In an example of the third definition, the loose rhetorical sense, a rural village is ‘always’ quiet. A local farmer rents his fields to a rock festival, which disturbs the quiet. In this example, saying ‘the exception proves the rule’ is literally incorrect, but it is used to draw attention to the rarity of the exception, and to establish the status of the village prior to the exceptional event. The general misuse of the phrase is attributable to the ambivalence of the word ‘rule.’ In the original sense, ‘rule’ is taken as a strict rule, while in the loose rhetorical sense ‘rule’ is taken to mean ‘rule of thumb.’

The fourth definition, the loose rhetorical sense, refers to usages where the original sense of the phrase could only apply to a situation if it were somehow altered, for example: if it is common place for a nurse that is male to be described as ‘a male nurse,’ it could be taken as evidence to a rule of thumb that most nurses are female. The fifth definition, the jocular sense, refers to usages where a speaker is aware that a phrase does not correctly apply to his or her initial statement, but is appealing to it ironically. For example, if they make the statement ‘I am always punctual,’ and are then asked, ‘Were you on time for breakfast this morning?’ and then respond, ‘Well no, but the exception proves the rule.’

The final, and least authoritative definition, the serious sense, refers to situations where the original speaker has confused the meaning of the phrase and uses it literally, such as if they say, ‘It will rain on my birthday, it always does,’ only to be told that it didn’t rain last year and then to counter that the exception proves the rule. The first speaker in this example apparently believes that any exception to any rule ‘proves’ the rule true; in this case, the notion that ‘the exception proves the rule in cases not excepted’ is neither implied nor understood by the speaker.

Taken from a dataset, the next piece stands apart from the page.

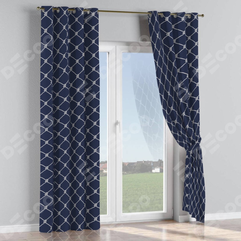Комплект прямых штор, от производителя «Cortin», пошиты из ткани блэкаут с нанесением сублимационной печати «Морские веревки». Данная модель пошита на люверсах, комплектуется на выбор круглым карнизом и подходит для монтажа на стену или потолок. Прямые шторы на люверсах шьются по стандарту с коэффициентом 1/2 (на 100 см. ширины проёма 200 см. ширины ткани), отличительным преимуществом данной модели является простой способ монтажа. Достаточно повесить ее на трубу и штора готова!
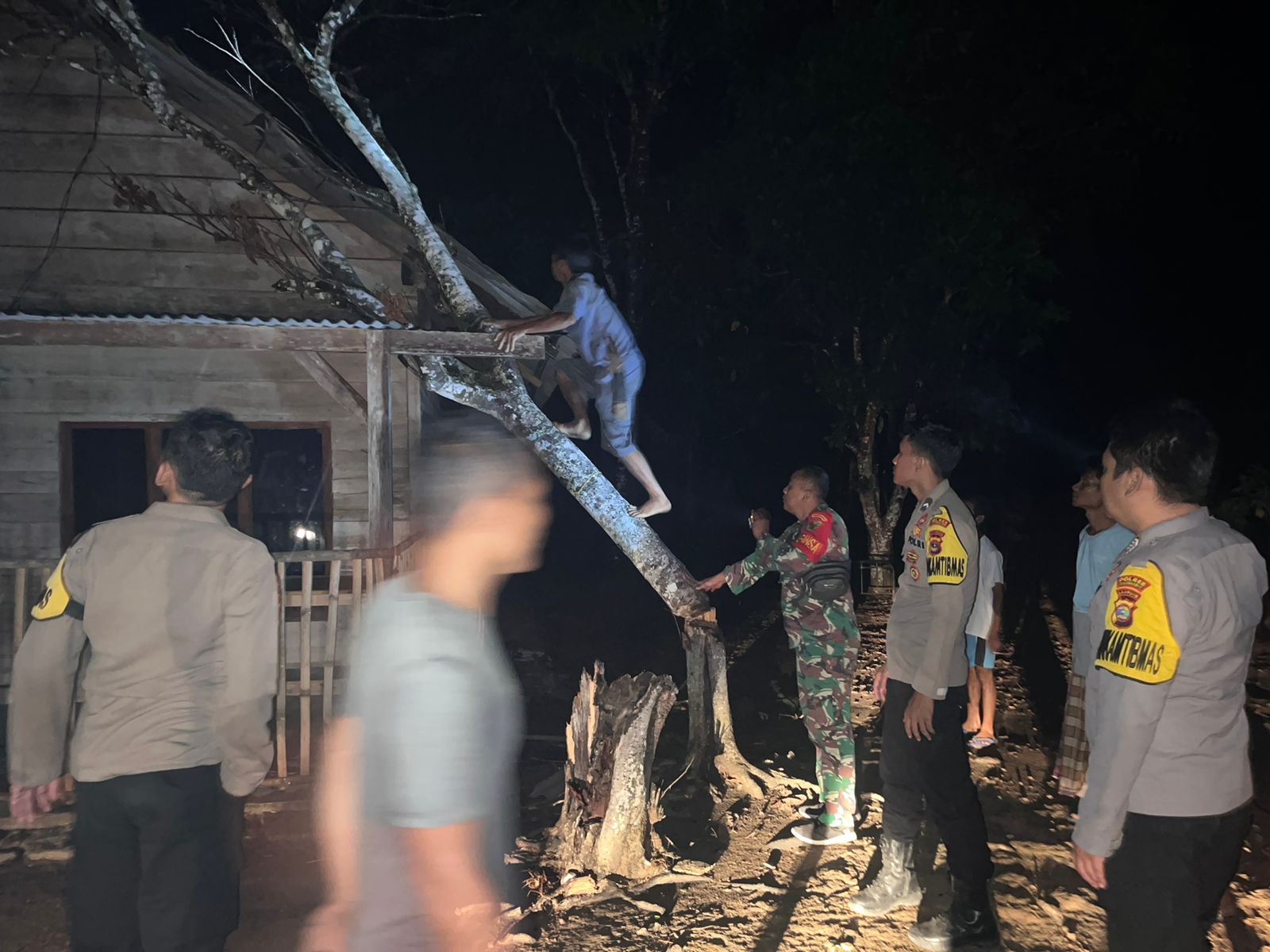 Tulang Bawang Barat—-Sektor Tulang Bawang Tengah, Polres Polres Tulang Bawang Barat bergerak cepat membantu warga yang terdampak angin puting beliung di kelurahan Panaragan jaya dan tiyuh Panaragan jaya utama Kecamatan Tulang bawang tengah Kabupaten Tulang Bawang Barat. Angin puting beliung ini terjadi pada, Jum’at (10/11/2023) malam sekira pukul 19.00 Wib yang mengakibatkan sejumlah rumah warga mengalami kerusakan.

Fowler writes ‘The last of these is the only one that need to be objected to directly, though three and four bear the blame of bringing five into existence.'” Fowler objects to the misuse of this proverb because it implies the following two beliefs: Exceptions can always be neglected and a truth is all the truer if it is sometimes false. It was in objection to this misuse that Arthur Conan Doyle had his famous detective Sherlock Holmes utter the statement ‘I never make exceptions. An exception disproves the rule.’